半魚人の語った『ダゴン教団』は小説の設定に存在する邪教で、『ディープワン』は邪神に奉仕するために存在する種族名だったのだ。
名前じゃないから弱い? いやでも知性はあるし? とみんなで会議したけど、結局答えは出ないまま。
お腹ぺっこぺこだったのでクリスを頂こうとしたらルルちゃんが突入してきて、折角だから柚希ちゃんも呼ぼうかと思っていた頃だ。
「今から三条さん迎えに来るって。例んやつん痕跡みつけたって言うとった」
「マジか……マジか……!」
一緒に捜査をしているっていう実績が欲しいらしく、三条さんが黒のセダンで迎えにきてくれるそうだ。

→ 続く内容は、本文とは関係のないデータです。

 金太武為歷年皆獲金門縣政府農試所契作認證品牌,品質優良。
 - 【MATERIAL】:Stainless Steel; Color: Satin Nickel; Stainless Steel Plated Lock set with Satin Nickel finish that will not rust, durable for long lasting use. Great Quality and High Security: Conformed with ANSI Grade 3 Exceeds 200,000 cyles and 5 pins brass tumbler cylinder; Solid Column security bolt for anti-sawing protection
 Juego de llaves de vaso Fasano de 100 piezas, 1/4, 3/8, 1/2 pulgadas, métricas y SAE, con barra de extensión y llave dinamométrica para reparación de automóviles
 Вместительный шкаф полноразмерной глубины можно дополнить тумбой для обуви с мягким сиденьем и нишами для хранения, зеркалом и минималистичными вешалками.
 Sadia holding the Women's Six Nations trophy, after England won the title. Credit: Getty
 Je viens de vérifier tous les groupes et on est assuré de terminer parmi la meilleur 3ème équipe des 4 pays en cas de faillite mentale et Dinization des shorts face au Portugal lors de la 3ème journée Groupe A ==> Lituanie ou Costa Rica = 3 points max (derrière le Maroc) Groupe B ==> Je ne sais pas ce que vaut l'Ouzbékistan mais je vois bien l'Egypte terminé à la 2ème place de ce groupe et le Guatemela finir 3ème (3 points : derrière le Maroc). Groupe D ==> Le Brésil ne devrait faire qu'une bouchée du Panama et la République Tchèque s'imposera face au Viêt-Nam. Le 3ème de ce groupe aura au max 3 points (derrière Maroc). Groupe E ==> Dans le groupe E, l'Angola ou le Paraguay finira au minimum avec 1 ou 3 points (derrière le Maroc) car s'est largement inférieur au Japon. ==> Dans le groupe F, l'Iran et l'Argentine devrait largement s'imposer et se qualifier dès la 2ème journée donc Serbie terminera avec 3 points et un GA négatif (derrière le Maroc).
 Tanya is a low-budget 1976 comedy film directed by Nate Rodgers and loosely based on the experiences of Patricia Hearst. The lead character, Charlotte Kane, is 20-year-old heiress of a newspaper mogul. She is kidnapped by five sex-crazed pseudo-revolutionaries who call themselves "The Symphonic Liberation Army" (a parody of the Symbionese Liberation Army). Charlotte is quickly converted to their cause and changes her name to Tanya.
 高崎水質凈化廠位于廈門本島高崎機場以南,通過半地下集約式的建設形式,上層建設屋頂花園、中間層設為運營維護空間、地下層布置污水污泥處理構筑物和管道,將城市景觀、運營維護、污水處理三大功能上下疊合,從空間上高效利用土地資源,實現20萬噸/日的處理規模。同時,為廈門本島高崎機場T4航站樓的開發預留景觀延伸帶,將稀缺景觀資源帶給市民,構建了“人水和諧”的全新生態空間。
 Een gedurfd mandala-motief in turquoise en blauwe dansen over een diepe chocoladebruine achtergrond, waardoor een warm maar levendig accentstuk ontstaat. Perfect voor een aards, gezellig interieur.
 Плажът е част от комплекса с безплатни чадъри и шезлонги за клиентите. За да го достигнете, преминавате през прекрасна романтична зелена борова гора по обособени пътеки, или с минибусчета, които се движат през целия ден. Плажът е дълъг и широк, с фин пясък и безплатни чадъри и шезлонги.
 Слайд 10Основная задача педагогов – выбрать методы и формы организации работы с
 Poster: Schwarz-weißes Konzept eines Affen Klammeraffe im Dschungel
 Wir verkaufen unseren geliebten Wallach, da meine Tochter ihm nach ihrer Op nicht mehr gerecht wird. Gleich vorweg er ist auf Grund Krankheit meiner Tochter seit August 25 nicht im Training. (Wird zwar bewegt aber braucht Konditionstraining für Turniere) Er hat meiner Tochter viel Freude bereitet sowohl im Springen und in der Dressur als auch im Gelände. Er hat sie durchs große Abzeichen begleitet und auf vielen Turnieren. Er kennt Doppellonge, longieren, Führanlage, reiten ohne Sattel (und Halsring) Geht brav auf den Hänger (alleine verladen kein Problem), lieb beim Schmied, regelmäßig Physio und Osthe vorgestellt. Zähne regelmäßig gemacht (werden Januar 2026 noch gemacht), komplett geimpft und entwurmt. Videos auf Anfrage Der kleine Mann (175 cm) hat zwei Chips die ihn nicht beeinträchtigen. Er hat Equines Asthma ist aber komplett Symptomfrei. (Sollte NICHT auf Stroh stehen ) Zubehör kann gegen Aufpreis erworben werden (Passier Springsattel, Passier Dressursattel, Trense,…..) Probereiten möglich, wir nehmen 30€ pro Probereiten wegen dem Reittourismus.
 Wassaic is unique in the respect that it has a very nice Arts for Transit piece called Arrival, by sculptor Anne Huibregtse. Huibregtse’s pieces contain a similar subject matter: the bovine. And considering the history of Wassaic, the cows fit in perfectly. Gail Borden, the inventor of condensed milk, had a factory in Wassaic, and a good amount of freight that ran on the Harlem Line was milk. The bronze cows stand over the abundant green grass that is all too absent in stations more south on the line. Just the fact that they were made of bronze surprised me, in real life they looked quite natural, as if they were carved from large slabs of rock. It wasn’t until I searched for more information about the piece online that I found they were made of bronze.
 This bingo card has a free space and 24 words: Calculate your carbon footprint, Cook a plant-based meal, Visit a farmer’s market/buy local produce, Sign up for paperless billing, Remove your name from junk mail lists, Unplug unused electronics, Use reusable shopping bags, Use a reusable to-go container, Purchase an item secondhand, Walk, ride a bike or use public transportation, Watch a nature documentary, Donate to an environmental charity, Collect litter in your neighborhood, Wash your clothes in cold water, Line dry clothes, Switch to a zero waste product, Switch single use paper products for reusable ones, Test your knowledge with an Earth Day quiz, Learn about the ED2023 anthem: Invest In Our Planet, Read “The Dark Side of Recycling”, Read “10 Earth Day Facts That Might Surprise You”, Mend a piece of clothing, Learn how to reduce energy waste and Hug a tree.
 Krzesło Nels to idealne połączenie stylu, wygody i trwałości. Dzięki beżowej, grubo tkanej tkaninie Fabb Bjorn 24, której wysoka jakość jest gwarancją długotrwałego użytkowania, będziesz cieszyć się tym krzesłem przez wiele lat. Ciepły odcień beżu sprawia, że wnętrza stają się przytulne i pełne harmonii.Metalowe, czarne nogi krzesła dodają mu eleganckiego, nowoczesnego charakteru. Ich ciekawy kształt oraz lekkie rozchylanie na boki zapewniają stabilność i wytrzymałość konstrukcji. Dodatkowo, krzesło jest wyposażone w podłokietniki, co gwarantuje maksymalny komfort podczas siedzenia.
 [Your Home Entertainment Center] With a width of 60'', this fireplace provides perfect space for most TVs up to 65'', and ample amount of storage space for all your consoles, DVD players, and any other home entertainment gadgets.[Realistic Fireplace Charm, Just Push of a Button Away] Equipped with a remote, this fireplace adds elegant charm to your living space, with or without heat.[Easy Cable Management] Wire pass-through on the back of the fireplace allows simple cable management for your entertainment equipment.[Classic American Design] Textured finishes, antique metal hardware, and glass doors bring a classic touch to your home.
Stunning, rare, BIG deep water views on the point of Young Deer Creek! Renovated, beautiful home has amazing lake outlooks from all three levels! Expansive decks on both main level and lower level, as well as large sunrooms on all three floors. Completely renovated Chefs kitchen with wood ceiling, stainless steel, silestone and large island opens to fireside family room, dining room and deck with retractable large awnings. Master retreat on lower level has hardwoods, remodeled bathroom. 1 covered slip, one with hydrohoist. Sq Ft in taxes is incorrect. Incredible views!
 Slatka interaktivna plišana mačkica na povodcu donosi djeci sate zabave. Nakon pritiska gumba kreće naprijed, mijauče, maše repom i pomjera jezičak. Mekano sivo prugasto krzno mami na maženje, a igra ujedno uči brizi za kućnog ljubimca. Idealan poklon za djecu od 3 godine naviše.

魔力チャージしたいのに! 飯がなければ戦にならぬって言うじゃん!
おれ戦えないよ!
もともと戦えないけど!
うー、と小さく唸っているとクリスが優しく頬や首筋に唇を這わせてくれた。そのままチロリと舐められて、腰から首に掛けてゾクリと電気が走ったような感覚に襲われる。
「車の中で、少しだけ、ね」
「ルルもがんばる、です!」
「恥ずかしかねぇ……ちょっとだけね」
三条さん……ごめん。運転に集中できないかも知れない、本当にごめん。
ちなみにルルちゃんを連れてきたのはスーパーうさ耳が役に立つかも、とクリスが言い出したからだ。そもそも謎の転移魔法らしきものが使える時点で距離を取る意味が薄い、とも言われた。異世界生まれのルルちゃんは体内に魔力を持ってるからね。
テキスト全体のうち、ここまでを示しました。